Как же это банально: секретарь гендиректора и референт Малиновский… Да… Хотят сообщить, что их бракосочетание состоится тогда-то и тогда-то… Брр… Что же выражает взгляд этого дурня, когда он смотрит на нее? Естественно, это глуповатое выражение, самое обычное. Желание ею обладать – и только. А для женщины, да, для женщины это будет мудрейшее выражение. Для всех них. Среди женщин нет личностей. Разница – лишь в характерных чертах психики, фундамент же остается неизменным: служить виду, плодиться, подбирать для этого самые подходящие экземпляры самцов. Госпожа Богна умна, сообразительна, чувственна. В этом ей нельзя отказать. Но все это становится несущественным, когда пробуждается простой инстинкт, примитивнейшая всесильная сила плазмы, содержащейся в…
– Как полагаешь, Стефчик, он обиделся?
Борович непонимающе посмотрел на Малиновского:
– Кто?
– Да Ягода! Он какой-то отрешенный. Не хотелось бы, чтобы он против меня настроился. Может серьезно навредить.
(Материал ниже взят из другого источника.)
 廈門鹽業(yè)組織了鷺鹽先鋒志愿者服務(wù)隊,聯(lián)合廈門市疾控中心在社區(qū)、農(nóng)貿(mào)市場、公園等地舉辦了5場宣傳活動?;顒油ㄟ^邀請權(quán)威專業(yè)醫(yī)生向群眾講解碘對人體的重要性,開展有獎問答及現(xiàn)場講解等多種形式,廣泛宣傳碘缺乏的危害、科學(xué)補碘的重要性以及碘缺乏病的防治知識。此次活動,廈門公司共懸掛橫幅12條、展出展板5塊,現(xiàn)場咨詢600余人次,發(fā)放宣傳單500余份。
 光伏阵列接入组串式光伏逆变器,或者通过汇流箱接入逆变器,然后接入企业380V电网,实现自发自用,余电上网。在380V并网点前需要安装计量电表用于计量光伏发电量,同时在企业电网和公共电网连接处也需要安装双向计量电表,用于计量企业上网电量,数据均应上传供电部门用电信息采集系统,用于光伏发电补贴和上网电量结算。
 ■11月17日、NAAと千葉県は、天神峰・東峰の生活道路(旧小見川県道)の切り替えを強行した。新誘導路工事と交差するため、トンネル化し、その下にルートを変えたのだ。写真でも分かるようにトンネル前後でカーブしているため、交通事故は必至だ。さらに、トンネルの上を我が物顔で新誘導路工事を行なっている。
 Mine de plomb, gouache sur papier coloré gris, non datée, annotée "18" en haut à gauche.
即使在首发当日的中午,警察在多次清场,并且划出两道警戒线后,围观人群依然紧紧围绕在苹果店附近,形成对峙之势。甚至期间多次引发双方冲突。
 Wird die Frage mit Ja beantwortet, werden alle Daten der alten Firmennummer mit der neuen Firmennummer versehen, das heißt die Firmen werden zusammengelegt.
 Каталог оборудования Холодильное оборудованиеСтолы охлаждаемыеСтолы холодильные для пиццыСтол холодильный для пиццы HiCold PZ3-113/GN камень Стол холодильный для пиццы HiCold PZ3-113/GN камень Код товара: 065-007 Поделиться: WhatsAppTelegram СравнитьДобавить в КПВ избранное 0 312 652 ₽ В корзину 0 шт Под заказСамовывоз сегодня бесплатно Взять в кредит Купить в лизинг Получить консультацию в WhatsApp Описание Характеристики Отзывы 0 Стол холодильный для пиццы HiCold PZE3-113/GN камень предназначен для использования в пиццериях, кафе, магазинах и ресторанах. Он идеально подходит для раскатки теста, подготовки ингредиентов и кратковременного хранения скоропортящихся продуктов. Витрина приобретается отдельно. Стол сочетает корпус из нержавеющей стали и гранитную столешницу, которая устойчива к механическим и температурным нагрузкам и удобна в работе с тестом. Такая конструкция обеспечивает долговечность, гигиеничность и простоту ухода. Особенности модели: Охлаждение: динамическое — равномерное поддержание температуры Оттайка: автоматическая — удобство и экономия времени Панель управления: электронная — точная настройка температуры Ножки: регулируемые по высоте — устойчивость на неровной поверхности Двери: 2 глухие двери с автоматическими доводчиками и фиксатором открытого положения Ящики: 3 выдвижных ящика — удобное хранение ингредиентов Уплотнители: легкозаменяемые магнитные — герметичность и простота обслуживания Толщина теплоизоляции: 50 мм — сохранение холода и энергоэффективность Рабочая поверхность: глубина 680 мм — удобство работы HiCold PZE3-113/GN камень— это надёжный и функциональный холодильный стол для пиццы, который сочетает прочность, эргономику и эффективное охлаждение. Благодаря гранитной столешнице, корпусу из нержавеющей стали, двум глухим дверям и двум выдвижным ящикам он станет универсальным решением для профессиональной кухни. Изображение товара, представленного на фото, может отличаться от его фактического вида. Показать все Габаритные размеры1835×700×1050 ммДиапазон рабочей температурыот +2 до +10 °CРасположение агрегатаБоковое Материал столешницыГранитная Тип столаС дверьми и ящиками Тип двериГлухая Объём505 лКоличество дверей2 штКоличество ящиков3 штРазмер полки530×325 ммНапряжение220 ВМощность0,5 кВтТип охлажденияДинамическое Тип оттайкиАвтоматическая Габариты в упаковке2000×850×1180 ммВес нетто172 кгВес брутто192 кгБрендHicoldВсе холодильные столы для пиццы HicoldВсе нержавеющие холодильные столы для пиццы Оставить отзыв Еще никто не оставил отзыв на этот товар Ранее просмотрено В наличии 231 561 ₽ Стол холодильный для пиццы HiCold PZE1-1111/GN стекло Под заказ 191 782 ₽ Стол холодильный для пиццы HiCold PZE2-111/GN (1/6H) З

– Ну хватит уже! – возмутился Борович. – Как можно подозревать Ягоду в чем-то подобном? Я убежден, что ты и сам в это не веришь. В противном случае это было бы с твоей стороны отвратительно.
– Ну да, ну да, – быстро согласился Малиновский. – Я просто так сказал, да сейчас могу и не слишком-то беспокоиться о Ягоде. Старик очень мной доволен и, уверяю тебя, будет доволен и впредь. – Он рассмеялся и, отложив перо, спросил: – Ты ведь уже слышал?…
– Что? – равнодушно произнес Борович.
– Хм… Я никому об этом не говорил, но тебе могу – как другу. Я женюсь на Богне.
Борович хотел вскочить и бросить ему в лицо, что отказывается называться его другом и что госпожа Богна не могла сделать ничего глупее этого.
– Поздравляю, – процедил он.
– Гляди! – Малиновский вытянул руку. – Вот оно, счастье.
Перед глазами Боровича блеснул крупный сапфир.
– Неплохой камешек, верно? – спросил Малиновский. – Триста лет в одной семье! Стоит он пару монет, а? И на пальце красиво смотрится. Ну, не на всяком. Представь такой перстенек на пальце Ягоды. Словно цветок на кожухе. Эти его короткие пальцы и бледные ногти… Но на твоем смотрелся бы первоклассно. На, примерь.
– Нет, нет! – Борович отодвинул перстень, пытаясь скрыть отвращение.
– Почему? Такие перстни только для породистых рук. А у тебя они очень породистые. Надень.
– Да хватит!
– Ах, что за предрассудки! – Он взял перстень. – Но руки у тебя породистые. У меня красивей, но у тебя куда породистей…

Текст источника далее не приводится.